By the time we got back to the ship it was about 11:30 pm. Some of the students we knew were heading out for a nightcap. After some prodding, we decided to join them. We headed to a rooftop bar that we had heard about which was close to the ship. It was atop one of the museums and had a great view of the Havana harbor. We ended up sitting outside with one of my work-study students, Heather, and her boyfriend, Bryan. The view was awesome as the lighthouse; the fort and the statue of Jesus were lit up directly across the bay. After some time, our friend Andrew and a Cuban student, who was hanging out with us, joined us outside on the deck. It was funny watching the Cuban student hit on Shelley despite her valid attempts to indicate she was married. Around 1:00 am we started to head back to the ship but were then convinced to go to another bar with the group. We met a few other students we knew and began looking for a bar. Most of the establishments were closing by this time but we did find one place that was open so we decided to head in. While we were hanging out, Shelley had a Jamaican looking man approach her who was obviously quite taken with her. He spoke no English, but it was obvious he was interested. At one point, he began to braid some of Shelley's hair trying to attempt to create a single dreadlock. It was very amusing seeing him go at it with her hair although I don't think Shell was enjoying it as much as we were. Once completed, he motioned for a hug and a kiss on the cheek, however when Shell went to give him a kiss, he quickly moved his head to try and get one on the lips. We gave him enough money for a beer (about a buck) and then headed back to the ship. On our way back to the ship we bumped into some people in the courtyard across from the ship and talked to them for a while. One of the students on the ship was from Evergreen, and her friend, also from Evergreen was studying in Cuba so the three of us hung out for a while and talked about the homeland. Finally, around 2:30 am, we headed back to the ship and crashed.

Friday, December 6, 2002

Needless to say, we slept in a little after our late night outing. As we boarded the ship last night, we had heard that the Fidel Castro meeting was a go. We would be leaving around 4:00 pm on buses and we should not be late. Knowing this, we decided to take it easy during the day and just walk around town a little. We went and had lunch at a restaurant close to the ship, watched a Cuban band play while we ate and then went to the outside market. The market was on the waterfront, along the channel. They had all kinds of arts and crafts and artwork. It was fun walking though the markets as the people were not too overbearing and they had some cool stuff. If we had some more money we may have come back with some of the Cuban art we saw. They had a whole section of artwork, mostly oil paintings.

After walking around the market for a while we headed back into town and then back to the ship to get ready for our briefing with Fidel. We had heard that past "briefings" had gone up to five hours so we were prepared for a long night. From what we had heard, we were to be bused to the governmental assembly hall where we would be given a snack and then have our briefing. After the briefing, the government was providing a dinner and party afterwards for all of us (both SAS and Cuban students).
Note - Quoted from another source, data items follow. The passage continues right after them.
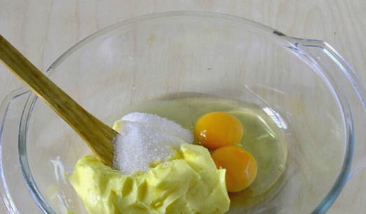 - Klop in een kom het ei met suiker los, voeg zout, vanilline, kefir, bakpoeder en gezeefde bloem toe. Smelt de boter op laag vuur, laat afkoelen en giet in een kom met deeg, roer.
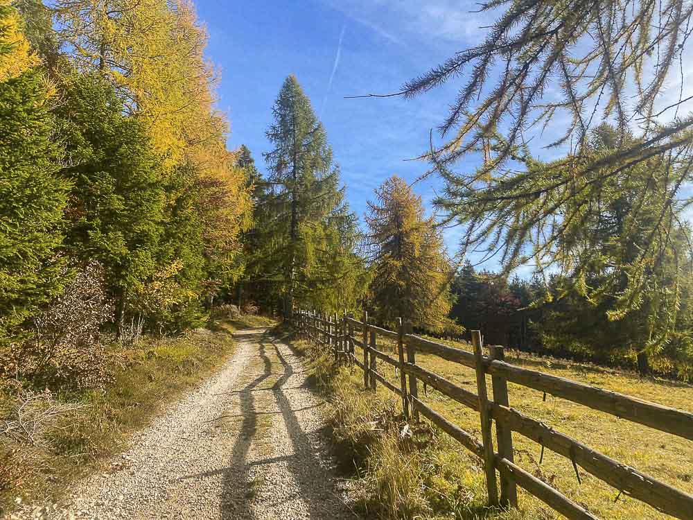Seconda possibilità, superata la malga, dopo cinque minuti seguite l’indicazione a destra che indica Trodena. Un’ora e mezza in una natura rigogliosa su un sentiero non fattibile con i passeggini. Primo tratto in salita e poi pianeggiante (attenzione alle mucche e vitelli particolarmente intraprendenti) per poi scendere molto velocemente in paese.
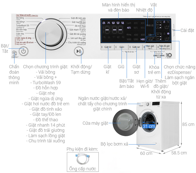 | Công nghệ giặt | Công nghệ AI DD bảo vệ sợi vải Công nghệ giặt hơi nước Steam (cửa trước) Công nghệ giặt tiết kiệm TurboWash |
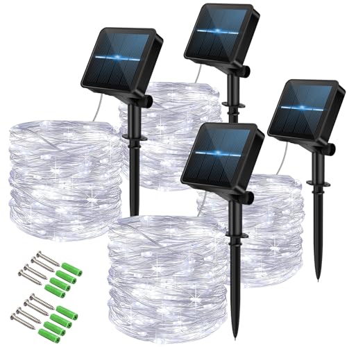 totpuc 120 LED Solar String Lights, 4 Packs 12 M/40 Ft Solar Powered Fairy Lights IP65 Waterproof, Copper Wire Decorative Lights with 8 Modes for Garden, Wedding, Party (Cool White)

We gathered all of our cameras and eventually hopped in the bus for the event (after waiting for nearly an hour to get on one). After about a twenty-minute bus ride, we arrived at the government building. We went into the building, grabbed our snack (a small sandwich and can of pop) and went into the assembly hall. The hall was a huge auditorium like room. The main seats sat staggered up from the stage to the raised back area of the room. There were two balconies on either side of the main seating that went even higher and looked like the "upper deck" of a sports stadium. By the time we arrived most of the seats were taken. We walked around for a while and then discovered, to our luck, that the first few rows had been reserved for faculty and staff. We found a seat in about the third row and got ready for the big event. We sat around for about half an hour before the briefing began. At one point, everyone saw Fidel come out from the side of the stage and everyone rose and gave him a standing ovation. Contrary to most of his public appearances, Castro was dressed in a suit rather than his usual green fatigues. I think several of us were a little bummed not to see the fatigues. Before the briefing began, a Cuban choir sang several songs. After the choir, Dean Lewan got up to introduce Fidel.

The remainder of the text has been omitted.